Stunned she starred into darkness, and there stood Jed flashing an ice covered smile as wide as the mountains themselves, holding Scout's rope. Behind Scout stood two horses harnessed to a wagon with canvas stretched over it. “Brought ya a few Christmas visitors Sarah!” Jed waved a hand toward the wagon. Sarah's knees melted, she crumbled to the ground.
“Hey now,” Jed scooped her up with a hearty laugh. “We can't have this, we have us a Christmas Eve party to put on for the young 'ins!”
Jed, Shorty and Jake fought the wind to swing open the big barn door, Martha led Scout and the team right into the barn. Every hand worked together to pull the door closed behind the wagon. Martha flipped down the wagon tail gate, and one by one giggling and laughing children slid out.

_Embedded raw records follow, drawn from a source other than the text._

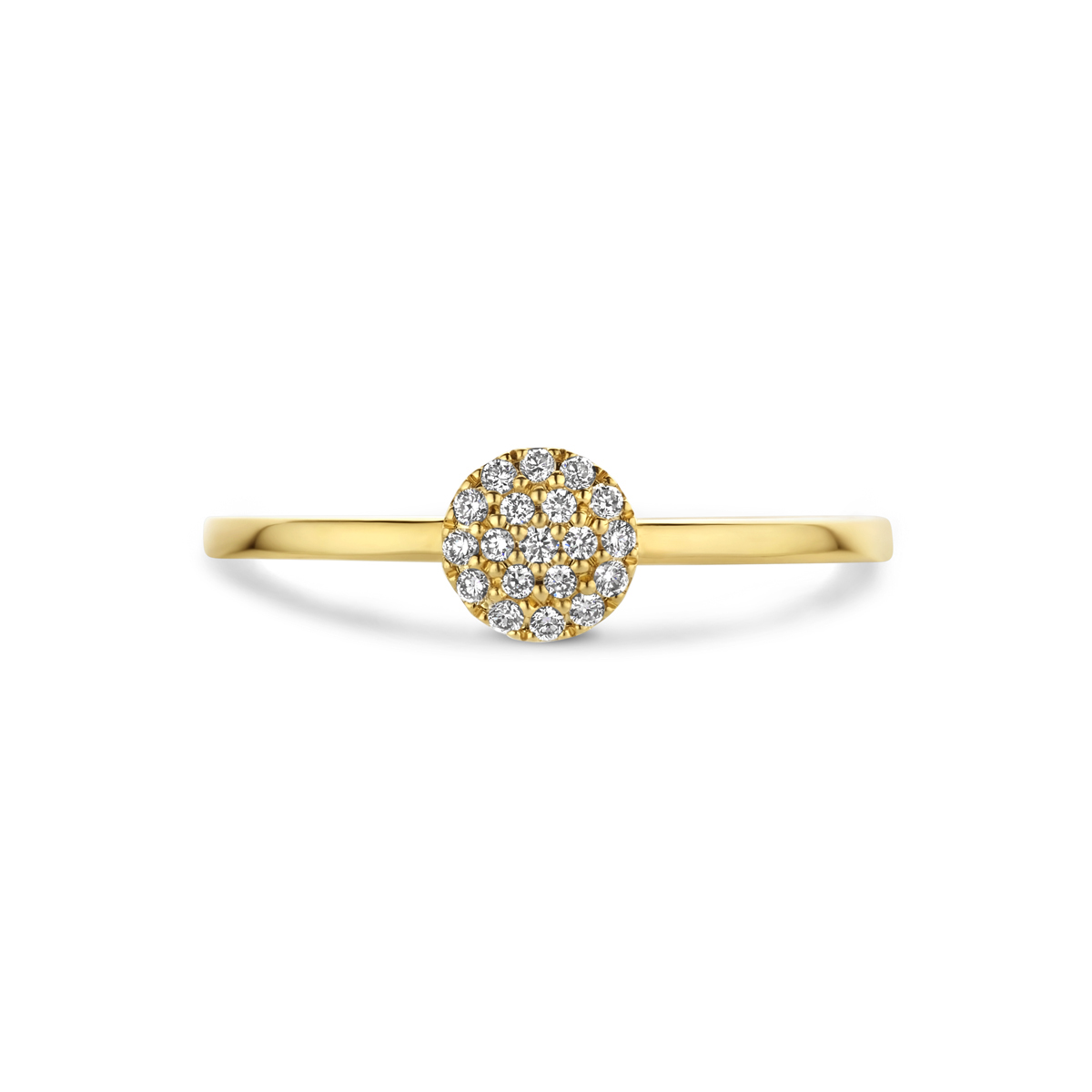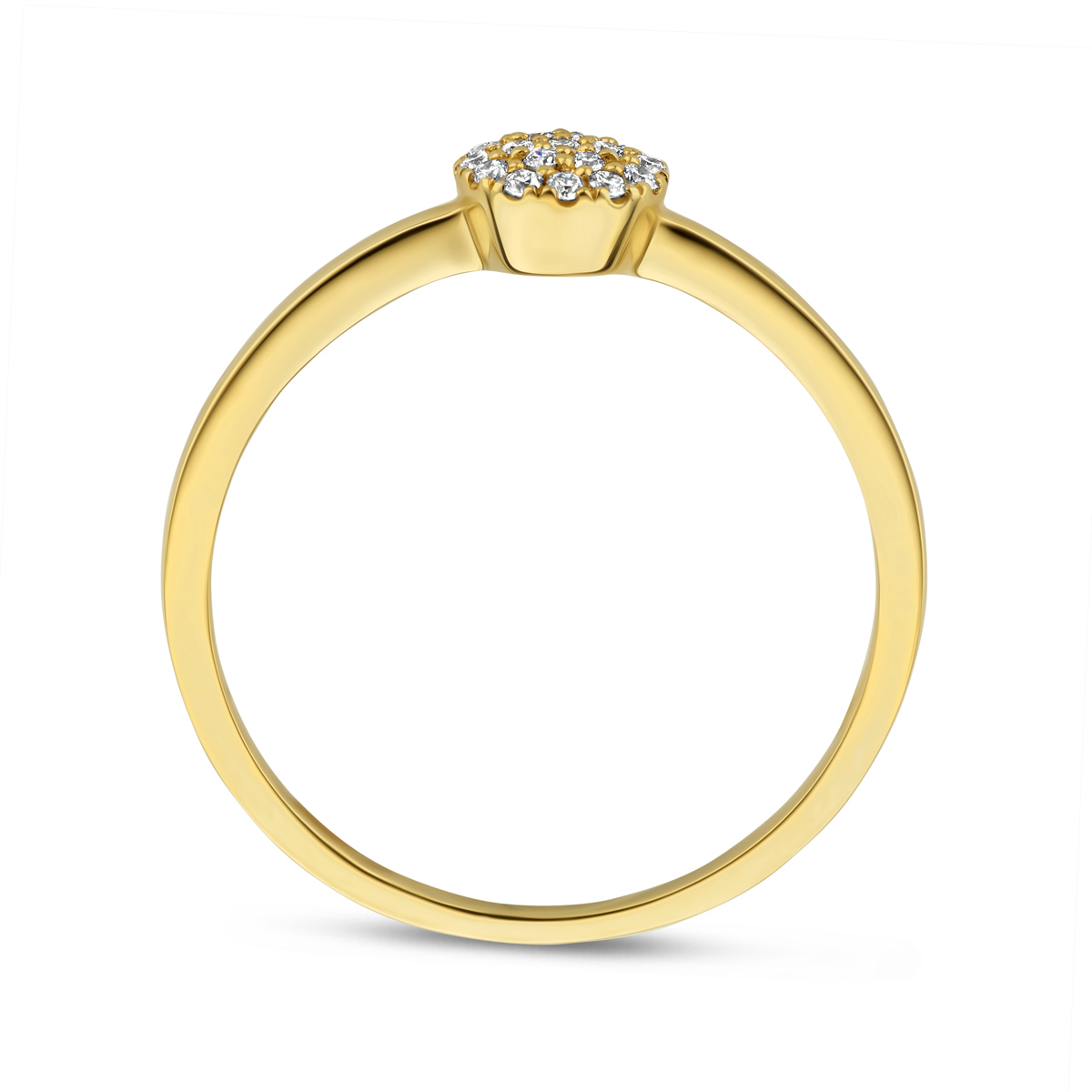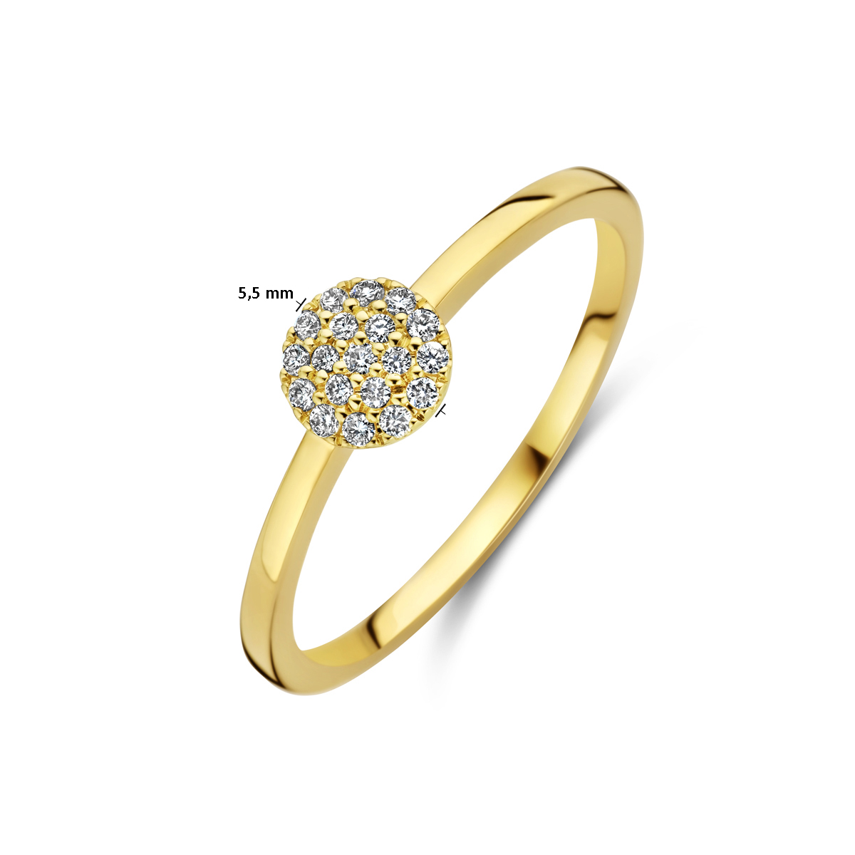 14k Geelgouden ring uitgevoerd met schitterende diamant. De ring heeft een breedte van 5.5mm. Het diamantgewicht is 0.09ct.
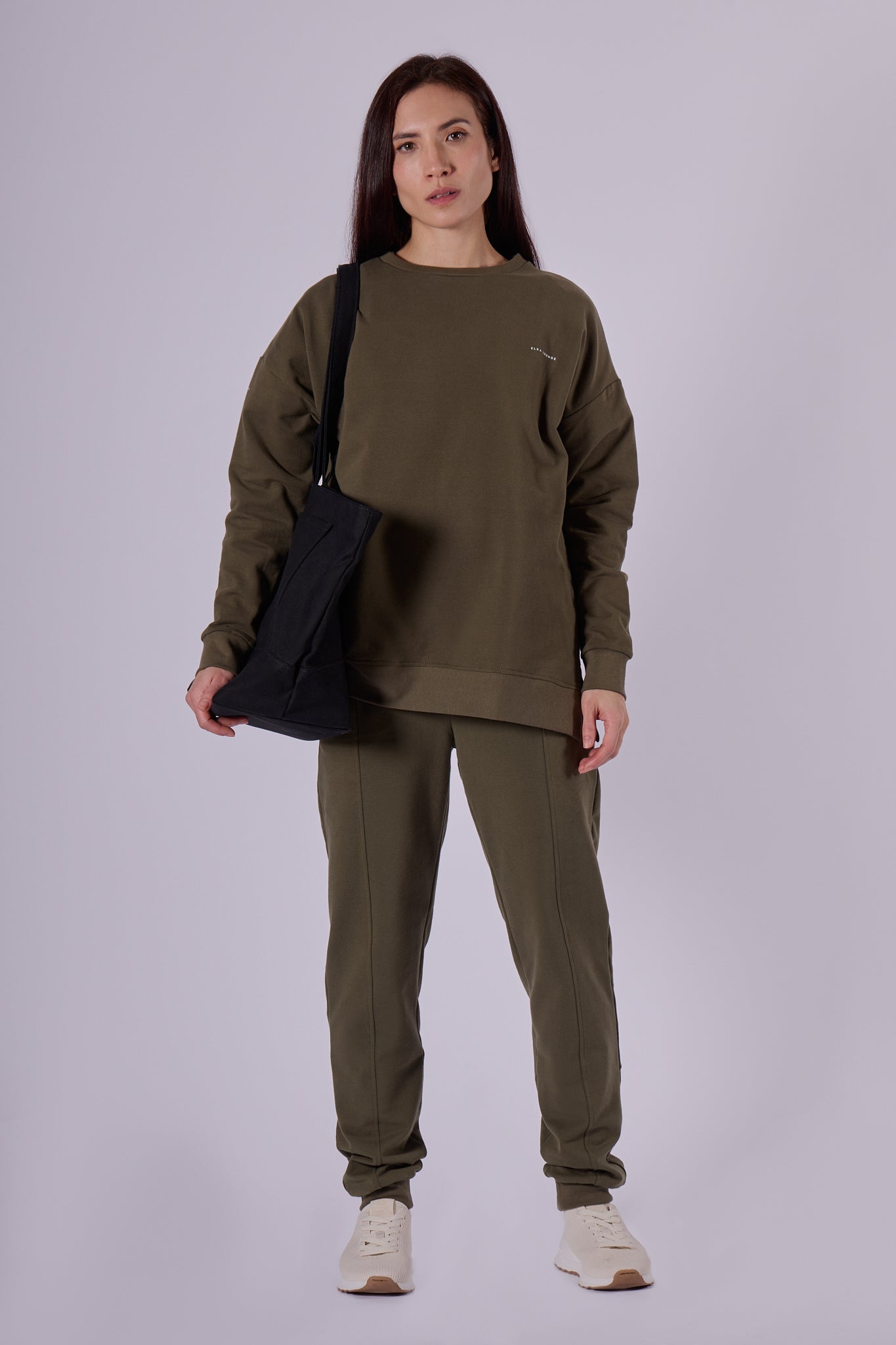 Prémiové dámské tepláky z 95 % počesané biobavlny – měkkého a nadýchaného materiálu – a 5 % elastanu pro jemnost a pružnost. Uvolněný, ale precizně střižený střih (loose fit) zajišťuje pohodlí po celý rok, doma i venku. Vyrobeno udržitelně a pečlivě v České republice.
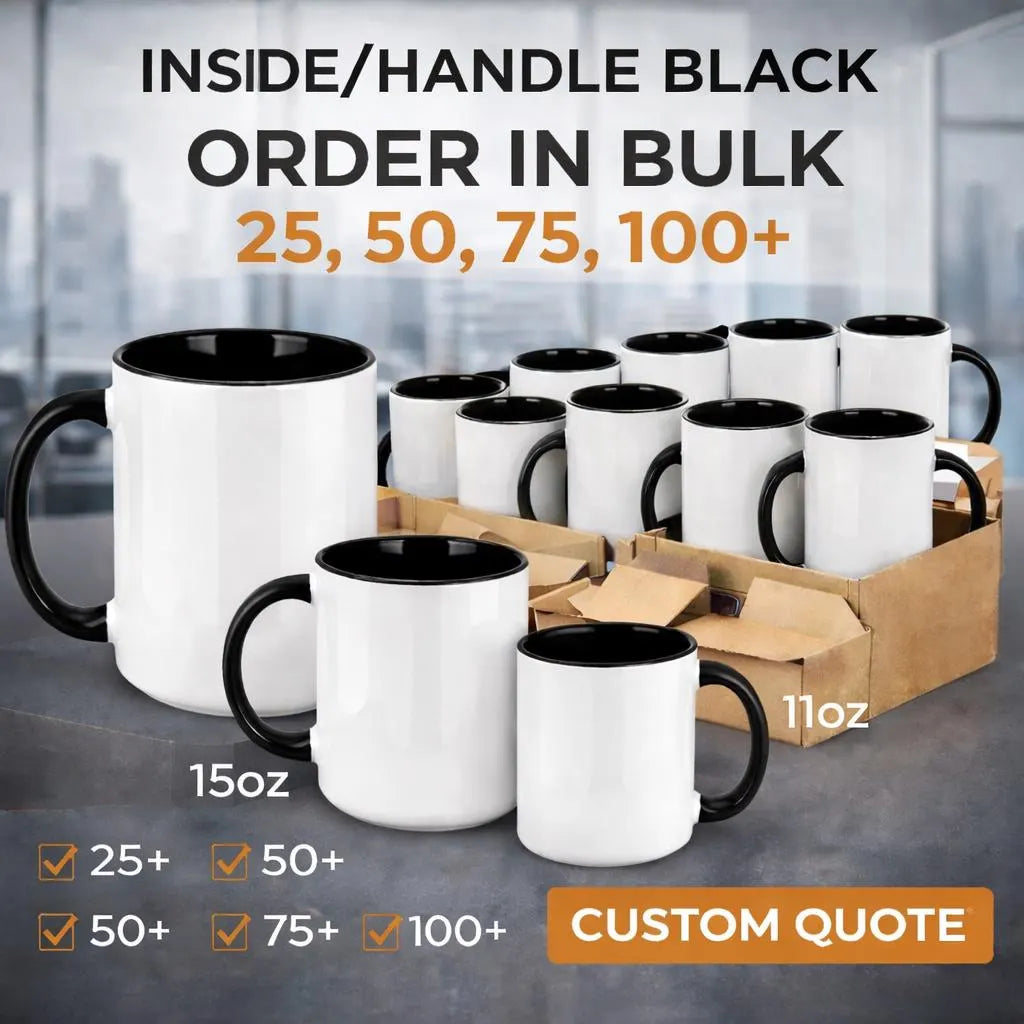 Choose a ceramic sublimation coffee mug with a black inside and handle that adds motivation, elegance, and personality to every sip. Order today and make coffee time inspiring. ☕
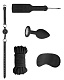 Introductory Bondage Kit №5 – набор, состоящий из 5 предметов для эротических ролевых игр и практик БДСМ. В комплекте: кляп-шарик, 2 маски, веревка, анальная пробка, шлепалка. Длина веревки - 10 м.
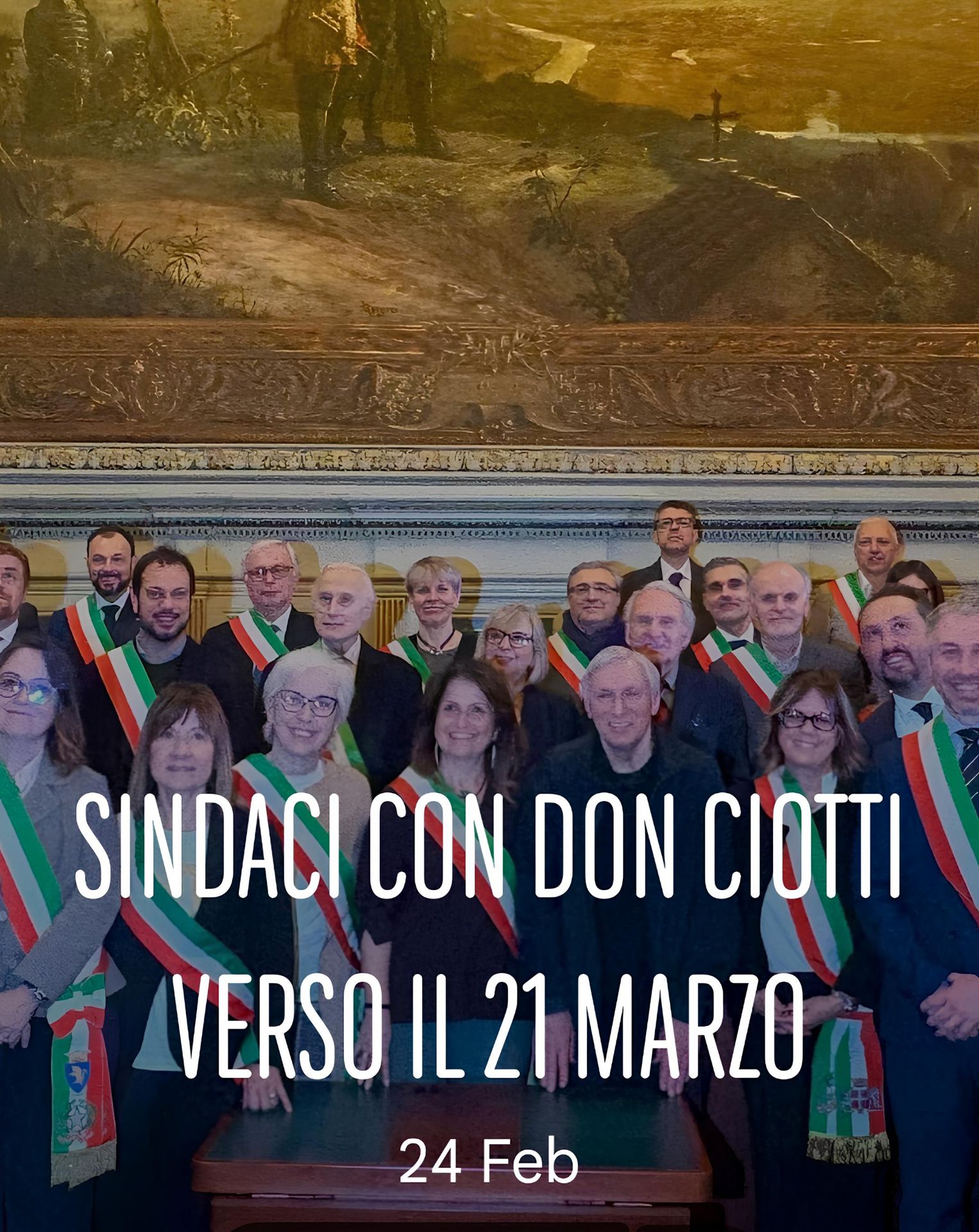 “Sono emozionato di incontrarvi” ha detto don Ciotti rivolgendosi alle decine di sindaci e sindache ed ha ricordato come Libera e il 21 marzo nascano dal suo rapporto con Giovanni Falcone. Poi ha parlato dell’allarme per la moltiplicazione delle droghe, dei disturbi dell’alimentazione, dei suicidi e delle dipendenze dal gioco d’azzardo e dal Web, ha ricordato le parole di don Sturzo quando diceva che la mafia sarebbe risalita a nord e oltre le Alpi, constatando quanto puntualmente si sia avverata la profezia.
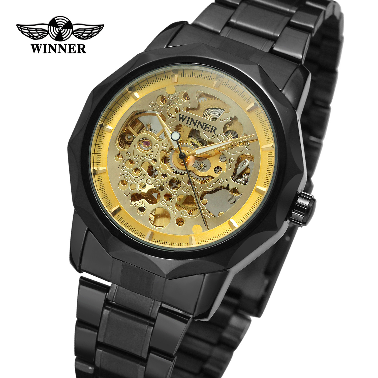Mechanical Watch Winner Mechanical Automatic Watch Men’s Steel Band Wrist Watch Gold Men’s Watch
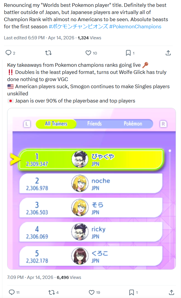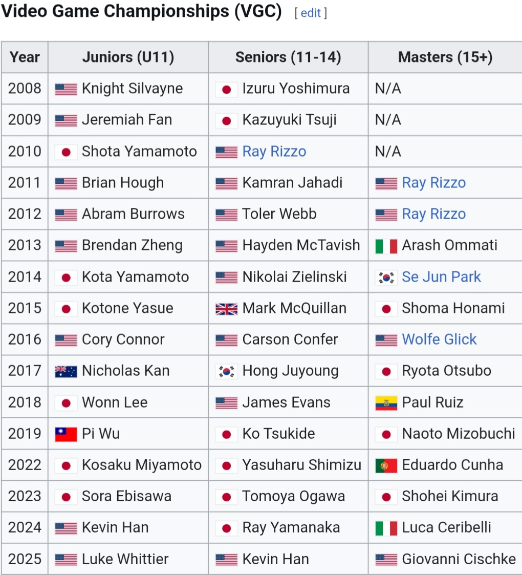>>59177034Competitive pokemon is a western game, anon. USA alone has brought home 20 VGC wins to Japan's 16. For all western countries it's 27 wins to Japan + Korea's 18 (that's across all divisions; for only masters division, it's 8 to 6).And that's just counting world championship wins, not looking at overall tournament results (because Japan has its own kid's table tournament structure that isolates it from the rest of the world, presumably for fear of national embarassment). If I asked you to name prominent or noteworthy VGC players, I bet there'd be exactly zero Japanese names you could come up with without looking it up.>Wolfe Glick>Ray Rizzo>Luca Ceribelli>Giovanni Cishke>Aaron Zheng>Marco Silva>James BaekThe only eastern name that springs to mind is Se Jun Park because of Pachirisu shenanigans but even he's Korean, not Japanese.

Sarah's knees went weak again, she grabbed onto Jed. He could see the love, relief and questions in her eyes.
“Well,” Jed started, “When I rode up to Martha's the wind already yanked the roof off that old shed they call home. Jake, Shorty and me didn't take too long to figure out there was no fixin' that rickety old building. Nobody knew what to do next, not only did they all need a place to live, but heck Sarah, this is Christmas Eve and we got songs to sing and presents to open … so we hatched a plan to stretch this canvas over the wagon, nail 'er down with boards and haul the entire outfit right here.”
With a grin and tip of his hat, Shorty yanked the sack of presents from the wagon seat, and held it high.
The children had settled down in a circle holding hands, except for little Jane, who had discovered baby Jessica. "Look Miss Martha, it's just like the story of baby Jesus, lying in the manger with all his friends in the barn."